I noted that after I did a new stage3 install on my machine, when I 'halted' the system, it would power off at the end.  Now that I've rebuilt the kernel and installed the userland and everything, the machine no longer powers off.  It just gets to the end of the shutdown process and sits there waiting for me to hit the hardware button.  I've checked my kernel configuration and I think I've got all the relevant ACPI stuff enabled and all, but can't quite figure out what controls this behavior.
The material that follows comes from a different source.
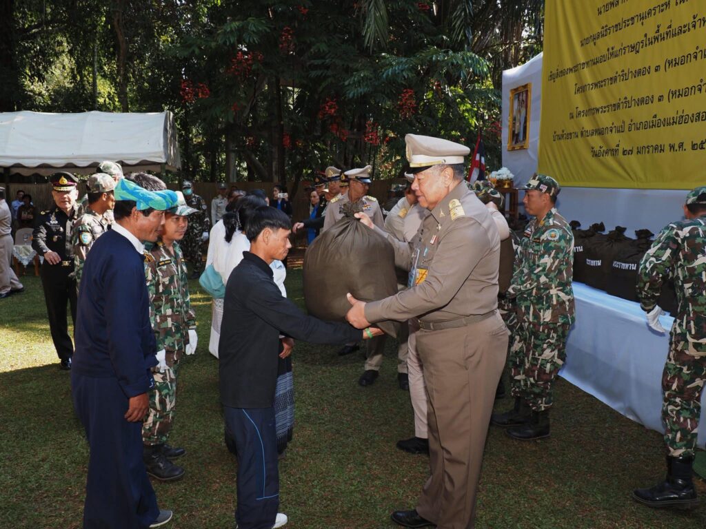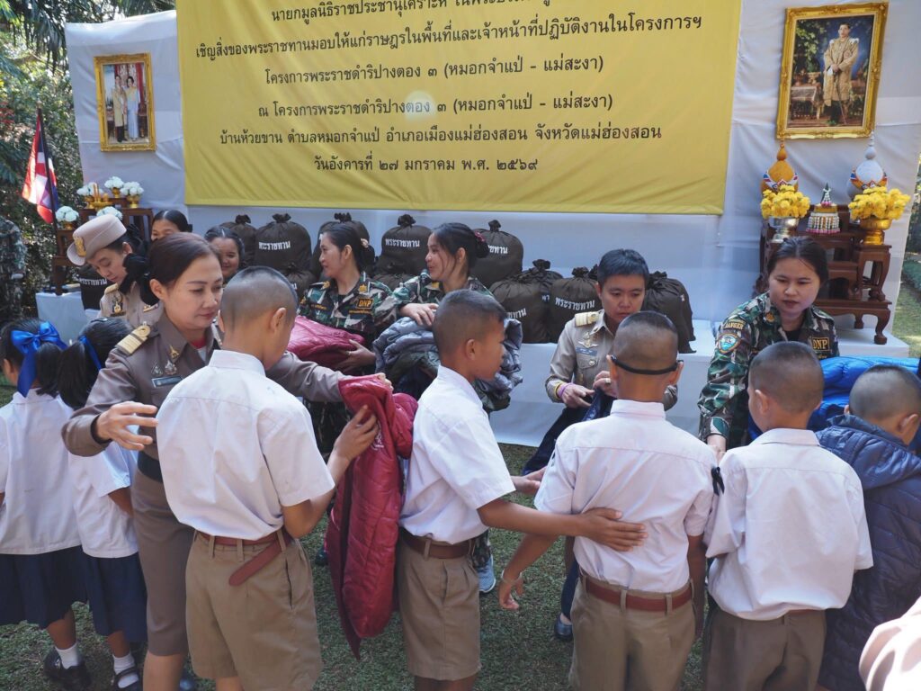 ทั้งนี้ องคมนตรีเชิญสิ่งของพระราชทานมอบให้แก่ราษฎร และผู้ปฏิบัติงานในพื้นที่โครงการฯ จำนวน ๑๒๘ ถุง แก่ตัวแทนรับมอบ และมอบเสื้อกันหนาวแก่เด็กนักเรียนในพื้นที่โครงการฯ จำนวน ๑๐๒ ตัว แก่ตัวแทนรับมอบ พร้อมพบปะราษฎรในพื้นที่โครงการฯ จากนั้นรับฟังบรรยายสรุปการดำเนินงานของโครงการฯ โดย หัวหน้าโครงการ พระราชดำริปางตอง ๓ (หมอกจำแป่-แม่สะงา) และรองผู้ว่าราชการจังหวัดแม่ฮ่องสอน รายงานการบริหารจัดการอาคารสถานที่ของ โครงการอันเนื่องมาจากพระราชดำริ จังหวัดแม่ฮ่องสอน พร้อมนี้องคมนตรีปลูกต้นไทรย้อยใบแหลม จำนวน ๑ ต้น และปล่อยเขียดแลวในพื้นที่โครงการฯ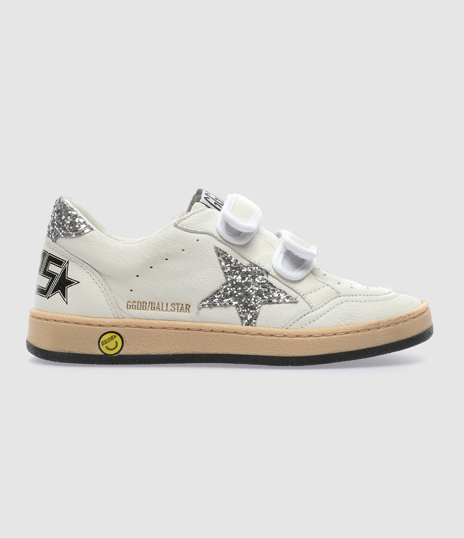 Baskets basses pour enfant en cuir grainé blanc. Empiècement étoile et renfort talon en paillettes argentées. Scratchs blancs sur le devant. Inscriptions noires "SNEA" sur le talon gauche et "KERS" sur le talon droit et "GGDB / BALLSTAR" sur le côté extérieur du pied droit. Intérieur en cuir et maille bouclette.

FWIW it's an AMD Athlon XP 1.8GHz (IIRC), about 3-4 years old.... and.... can't remember the BIOS just now (and I'm not at home).  I'll follow-up after I find out.

Any clues or pointers much appreciated.

Dave

----------

## Punchcutter

D'oh!  I hadn't noticed that this thread was posted just today on the same topic!  That one suggests checking whether acpid is installed.... which I will do when I get home, so put this on hold  :Smile: 

Dave

----------

## skellr

Try recompiling sys-apps/sysvinit   :Smile: 

----------

## Punchcutter

Thanks for the idea.... I did rebuild sysvinit, and had acpid installed, but (like the poster in the other thread) didn't have it in default runlevel, so I added it.  Also tried booting with acpi=force.

However.... none of this stuff gets me a power off  :Sad:   Any other ideas?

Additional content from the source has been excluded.